An ongoing malvertising campaign is targeting IT administrators looking to download system utilities such as PuTTY (a free SSH and Telnet client) and FileZilla (a free cross-platform FTP application).
“We have reported this campaign to Google but no action has been taken yet,” , Malwarebytes researcher Jérôme Segura shared.
The campaign
Malicious ads served via Google, Bing, or other reputable websites deliver RATs, infostealers, loaders, and other malware that’s usually masquerading as legitimate software.
In this latest campaign, searching for “Putty” or FileZilla” on Google Search returns sponsored ads at the top of the search results, which point to cloaking pages, then to decoy sites if the server detects bot or crawler traffic or potential visits by security researchers.

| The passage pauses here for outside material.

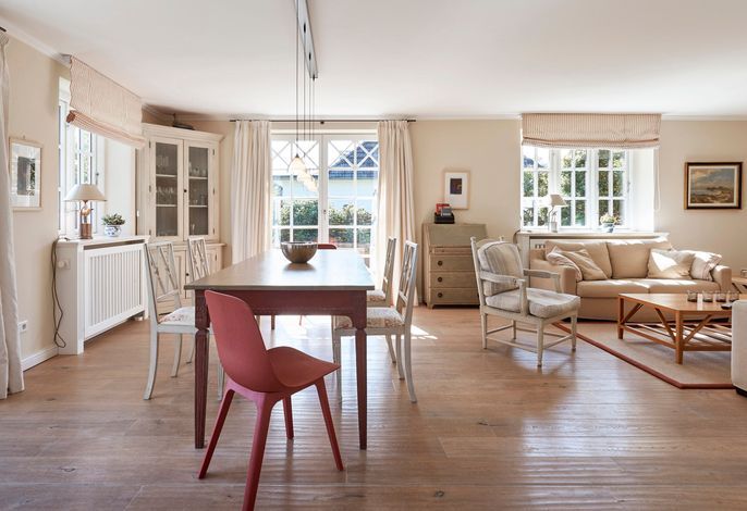 Wohnen Sie im Haus Auswanderer - eine schöne Reetdachhaushälfte. Sie wurde liebevoll und geschmackvoll eingerichtet und Sie werden Ihren Urlaub in vollen Zügen genießen. Ob Frühstück auf der Terrasse oder Relaxstunden in der...

The malicious ads pointing to cloaking domains (Source: Malwarebytes)
If the traffic looks like it’s coming from a potential victim, they are redirected to copycat sites impersonating the legitimate sites of those software projects. If the victim downloads the offered software they get Nitrogen malware instead.

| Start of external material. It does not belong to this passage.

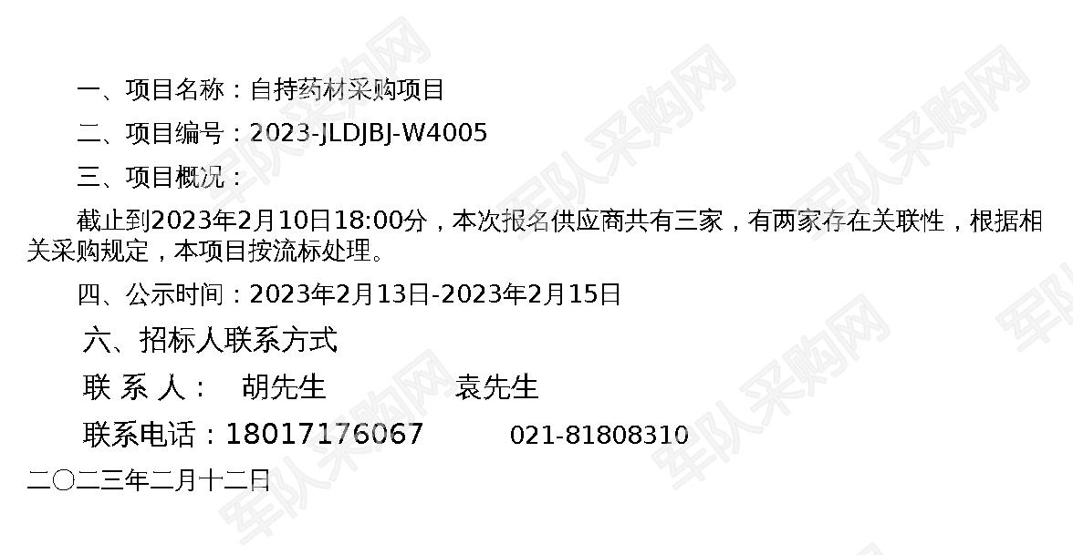 【军队采购】军队采购网自持药材采购项目流标公告(2023-JLDJBJ-W4005)

“Nitrogen is used by threat actors to gain initial access to private networks, followed by data theft and the deployment of ransomware such as BlackCat/ALPHV,” Segura explains.
“The final step in this malvertising chain consists of downloading and running the malware payload. Nitrogen uses a technique known as DLL sideloading whereby a legitimate and signed executable launches a DLL.”
Malvertising: A continuing threat
Malvertising has become such a pervasive threat that new campaigns are getting flagged every day.
The fact that almost identical malvertising campaigns delivering Nitrogen to IT professionals have repeatedly been spotted in the past year or so is a testament to their efficacy, as well as search engines’ ineffectual response to the malvertising problem.
“While there are many phishing training simulations for email threats, we aren’t aware of similar trainings for malvertising. Yet, the threat has become prevalent enough to warrant better user education,” Segura pointed out.
“Endpoints can be protected from malicious ads via group policies that restrict traffic coming from the main and lesser known ad networks.”